Let's turn to dividends. We're not going to be immune to some of the dividend cuts. We've seen cuts from our holdings in the UK in particular. Some companies passing dividends, so they are intending to pay them in the second half or beginning of 2021. Other companies have cut them and frankly I don't think we'll see them return to the same scale. Europe less so and actually US and Japan for us has been very good and partly through our mix of stocks that we own and also in Japan has a lot of companies with net cash. Some positives on the income side, we are global so in time we can move some of those companies that are not paying dividends into companies that will pay dividends and we can move assets into regions like Japan, Asia where we should see better dividend growth. Our sector mix is quite favourable as well. We've got decent holdings in technology names who are paying good dividends. We're very underweight in oils and banks where we've seen most of the dividend cuts.
And finally, we're investing the cash that we've been building up over the past year and that should earn some a decent return. And finally, we've got revenue reserves of about 1.6x the annual dividend. I've built these reserves over 15 years just for occasions like this, therefore we should be using those to keep the dividend progression.
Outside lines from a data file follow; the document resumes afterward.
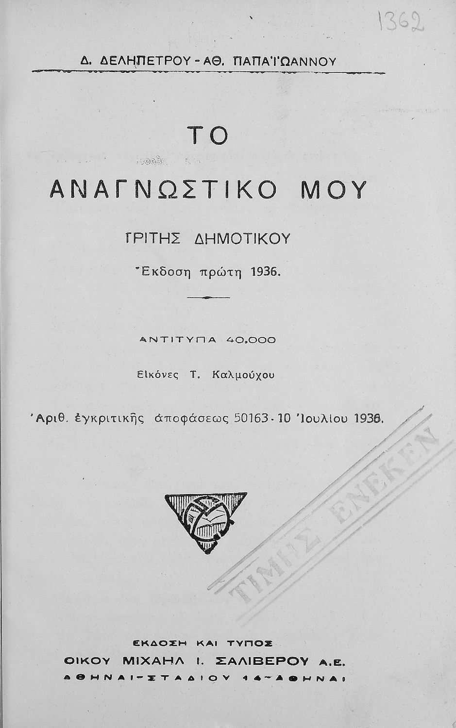 Εκδότης: Μιχαήλ Ι. Σαλίβερος Έτος έκδοσης: 1936 Τόπος έκδοσης: Αθήνα Έκδοση: 1η Υπουργική απόφαση / Σύμβαση: 50163/ 10-7-1936 Έτος έγκρισης: 1936 |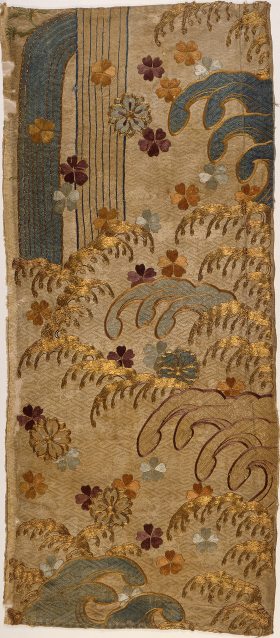 Kosode (Kimono) Fragment with Waterfall, Waves, and Cherry Blossoms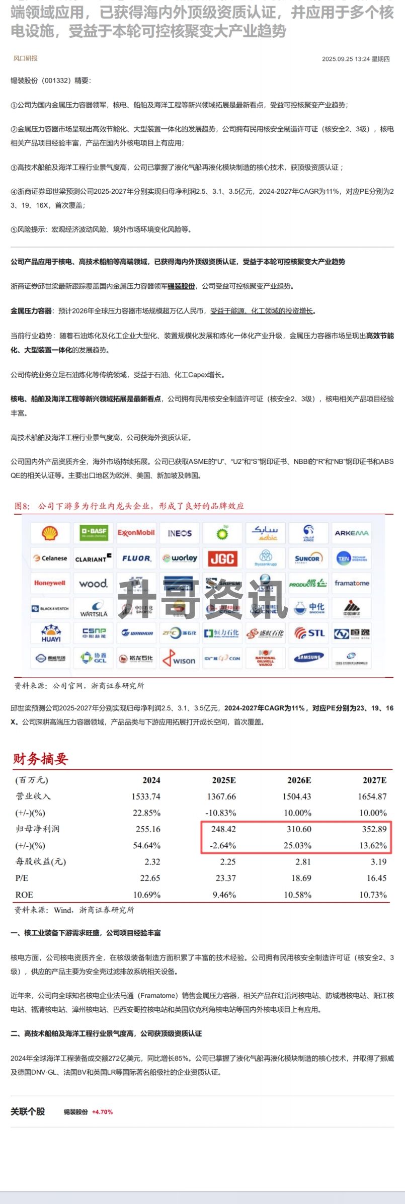 CLSMA to 财联社 10合一 实时滚动更新中文 · 25 days ago13:24【风口研报·公司】公司产品拓展核电、高技术船舶等新兴高端领域应用,已获得海内外顶级资质认证,并应用于多个核电设施,受益于本轮可控核聚变大产业趋势imagemessage-square0linkfedilinkarrow-up11arrow-down10
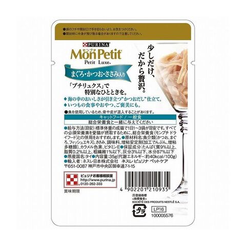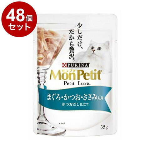 【48個セット】 ネスレ モンプチ プチリュクスパウチ まぐろ・かつお・ささみ入り かつおだし仕立て 35g【ポイント10倍】 【送料無料】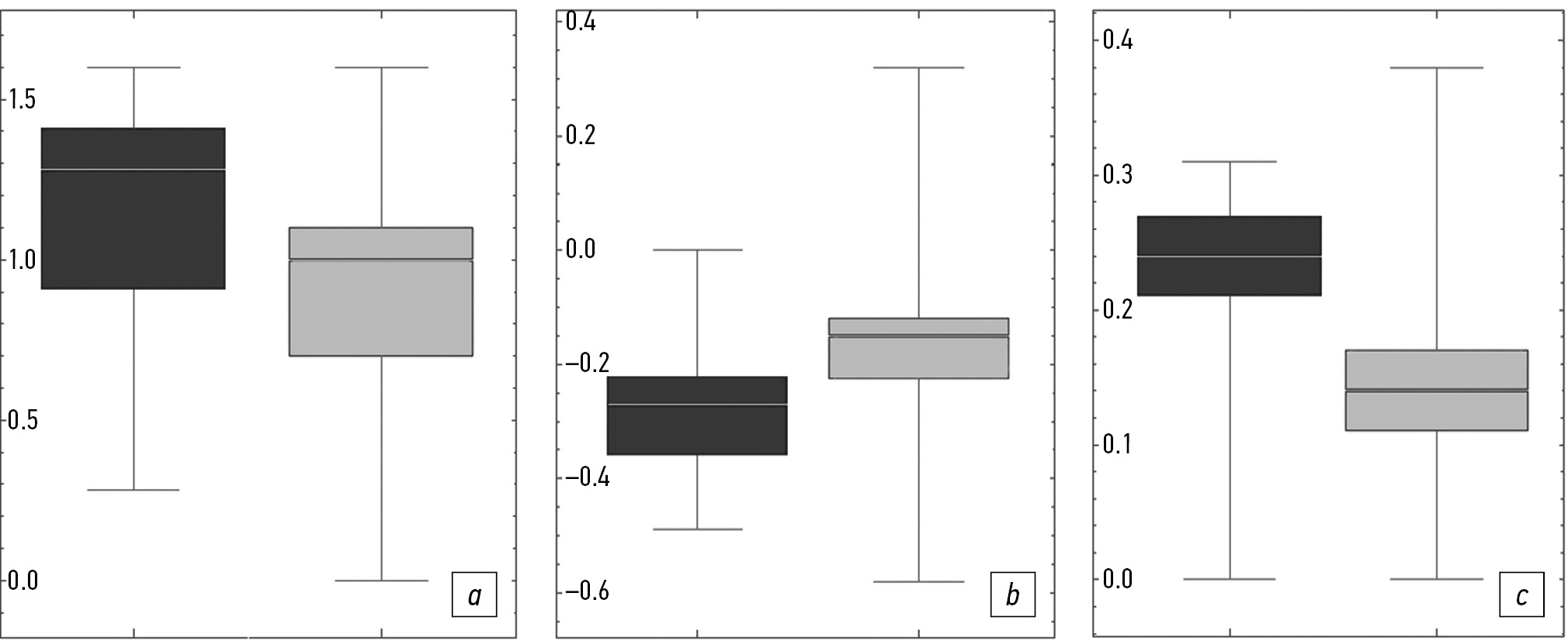 Statistical analysis was performed using the Wolfram Mathematica 11.0 program. The normality of distribution was tested using the Shapiro–Wilk test. For all parameters, the level of two-sided significance was p > 0.05, which indicates the impossibility of applying the normal distribution criteria. Median values and quartile intervals were calculated. The statistical significance of differences was assessed using the Wilcoxon signed-rank test.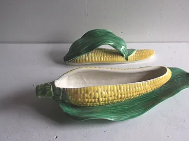 Zuppiera in pannocchia in maiolica di Sarreguemines in giallo e verde, anni '50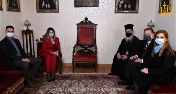 Η Υφυπουργός Τουρισμού κ. Σοφία Ζαχαράκη, ευρισκομένη στην Άρτα, με πρόσκληση του Δημάρχου Αρταίων κ. Χρήστου Τσιρογιάννη, για το άναμμα του Χριστουγεννιάτικου δένδρου στην κεντρική πλατεία της πόλης, επισκέφτηκε, τον Σεβασμιώτατο Μητροπολίτη Άρτης κ. Καλλίνικο, στο Επισκοπείο το απόγευμα της Παρασκευής 10 Δεκεμβρίου 2021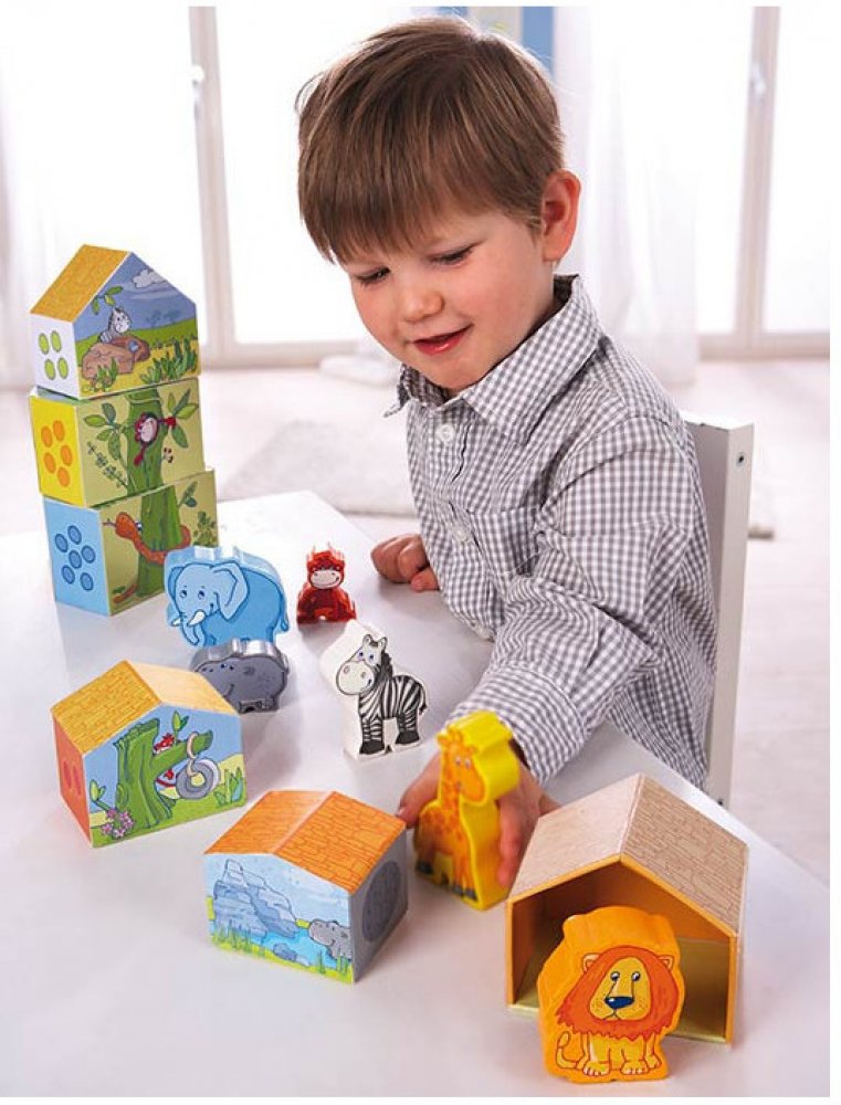 Balení obsahuje: 1 slona, 1 žirafu, 1 zebru, 1 lva, 1 hrocha, 1 opici, 6 kostek (domků pro zvířátka).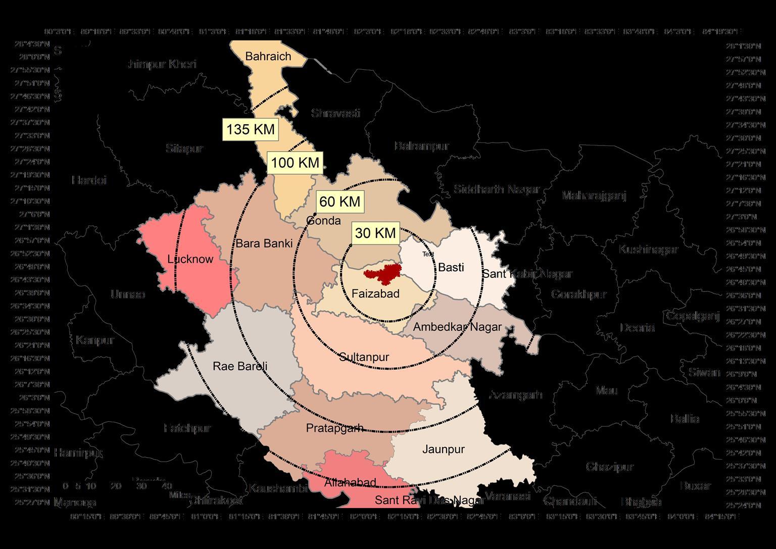 Ayodhya with inbound tourists of 70000 per day, Prefers hotels in the range of 1-2 km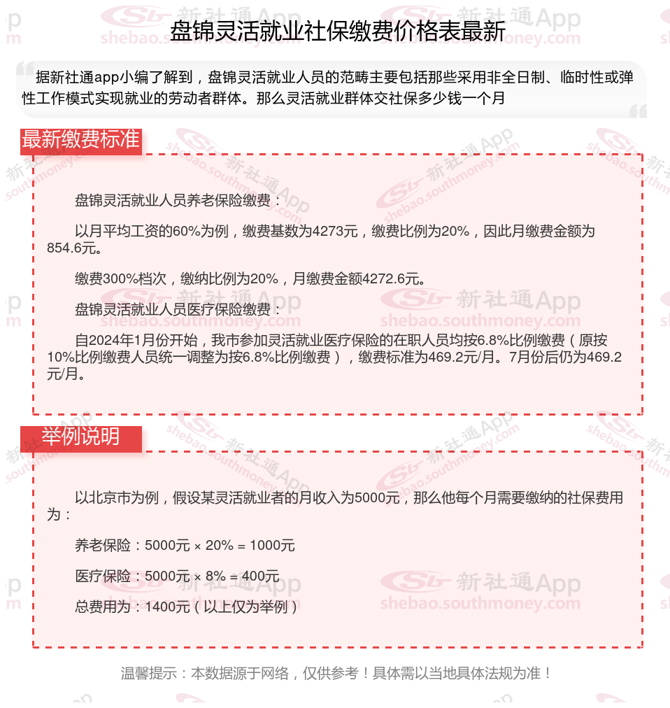 一、2024年盘锦灵活就业社保缴费标准表 盘锦灵活就业社保多少钱一个月?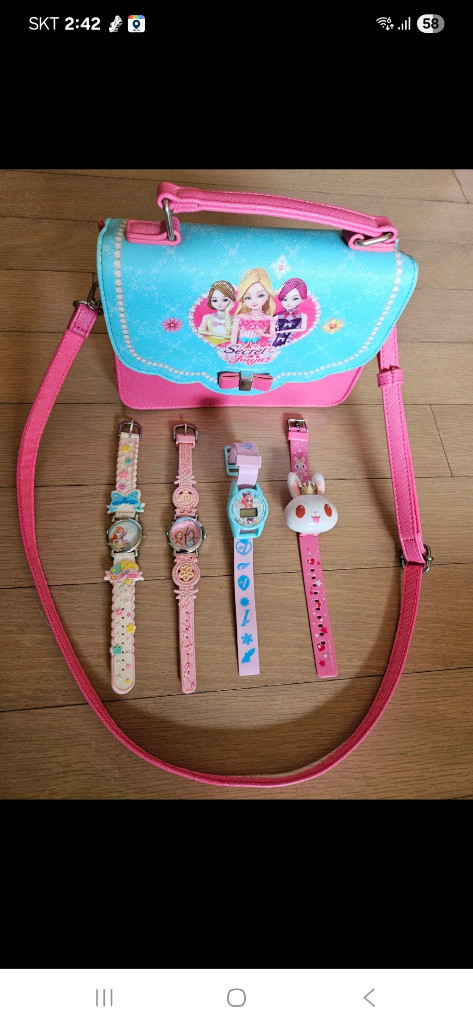 캐릭터 시크릿 쥬쥬 가방외 시크릿 쥬쥬 디지털 시계 2..함께 있는 세트예요. 아이들이 좋아할 만한 귀여운 디자인입니다 캐릭터 굿즈 좋아하시는 분께 추천드려요! 전체적으로 깨끗한 상태입니다 구매후 교환환불은 불가합니다.
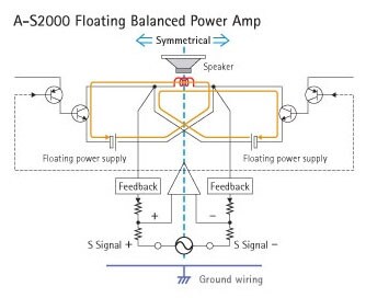 The Floating Balanced Power Amp configuration is completely different from the pure complementary circuit design that has been the mainstream of HiFi amps for nearly forty years.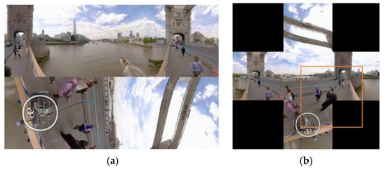 An example of a deformed and occluded target in the stitched image of EAC format of 360-degree videos. (a) An EAC image: the 274th frame of London on Tower Bridge [7]. (b) The stitched image with the center face containing the deformed target (the people in black) in (a). The search window of SiamFC is in orange. The padding pixels (black square) are similar to the occluding pixels on the target.
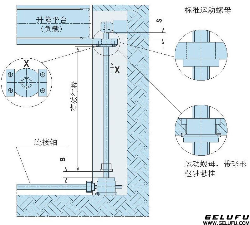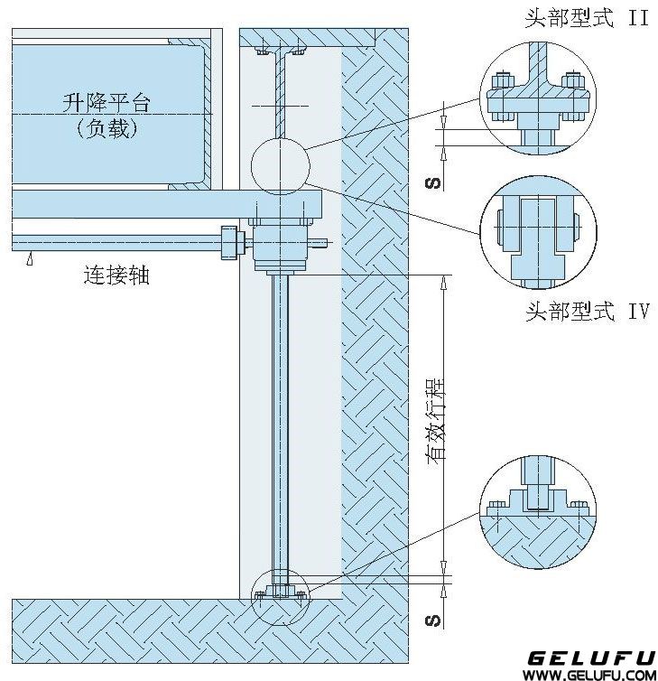 適用於重載長絲杠拉伸載荷設計:結構形式1 裝有爬升絲杠(無保護管)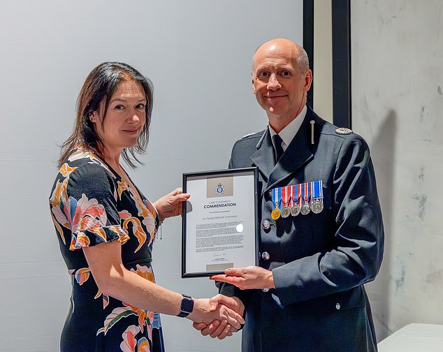 Ela recebeu o elogio do oficial chefe em setembro por seu corajoso trabalho voluntário com a equipe de Busca e Resgate de Wiltshire, depois de recuperar o corpo de uma pessoa desaparecida no rio Avon em junho.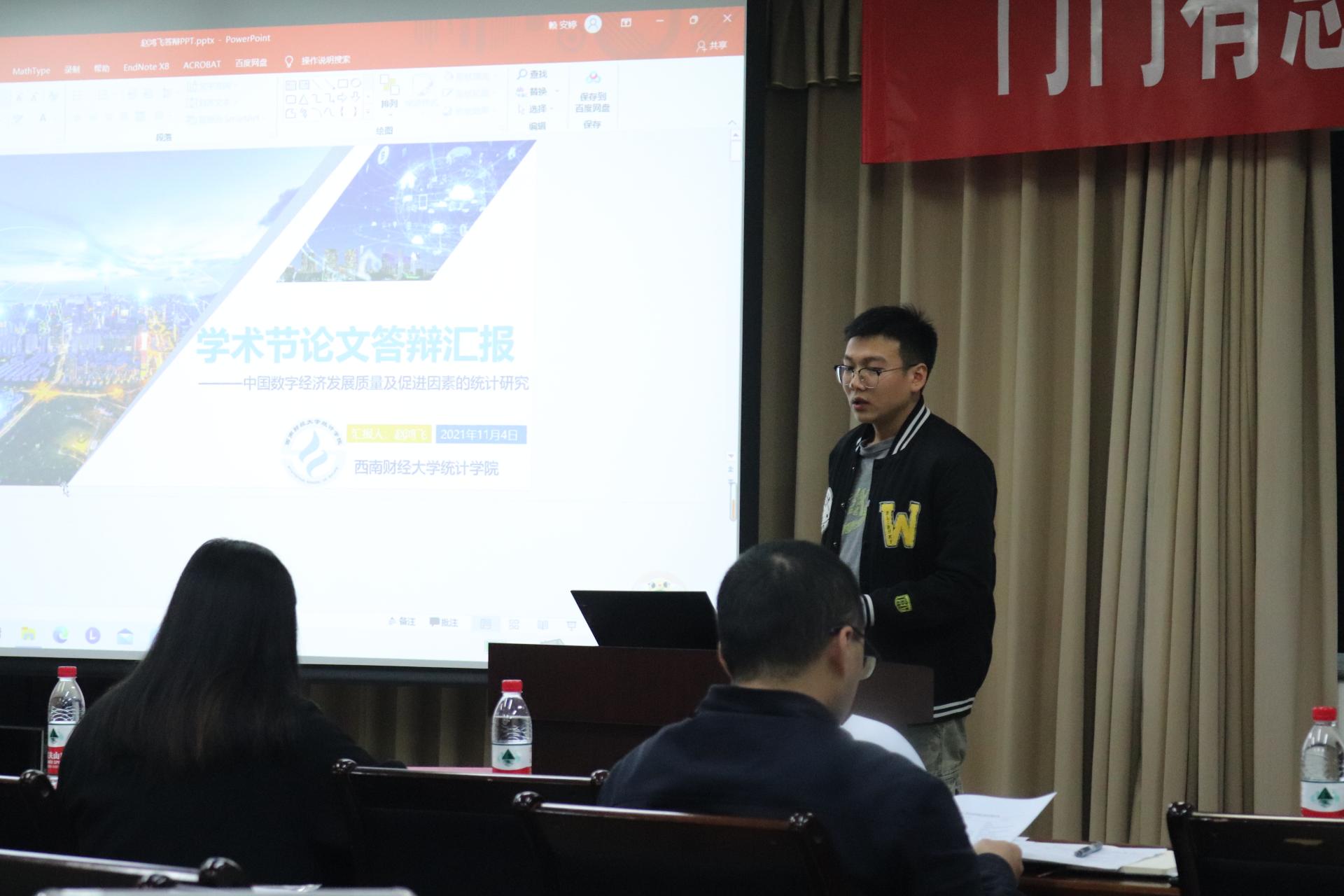 随后,答辩环节正式开始,从12篇论文中脱颖而出的四篇学术节优秀论文,其作者——赵鸿飞、李智裕、朱清、张军同学依次对自己的论文进行详细、富有逻辑的展示,评委老师分别从研究完整度、展示方式等对参赛者进行了点评,同时也对论文创新度、写作技巧以及不足之处等方面与参赛者进行深入探讨,并给予每位同学鼓励。最后,龚金国副院长发表闭幕致辞,总结了学术节的各项工作成果,并希望统计学子能够充分培养创新力、学术力,并加强对学术节的宣传。最后,主持人宣读本届学术节论文比赛获奖名单,朱清同学以最高分荣获一等奖,赵鸿飞与刘娇艳、李智裕、张军同学获得二等奖,同时在其余参与作品中选出5个作品获得三等奖,龚金国副院长等四位评委老师分别为获奖同学颁奖并合影留念。

We need to watch really have a dip and the recovery goes and then we can establish how quickly some of our investments will return to the dividend paying register. The Bankers Investment Trust declared its first quarterly dividend of the end of February of 5.35p; which is a 4.9% increase over the dividend last year. The Trust is very proud of its 54 years of dividend growth, consecutively and annually growing that dividend and over its life of 132 years The Bankers Investment Trust has seen lots of difficult times, but I'm really reassured in the quality of the team picking stocks for the Trust and the nature of the companies we own. They are quality names, they do have good quality balance sheets and they will be the quickest to recover as economic growth returns in the second half of the year. Thank you.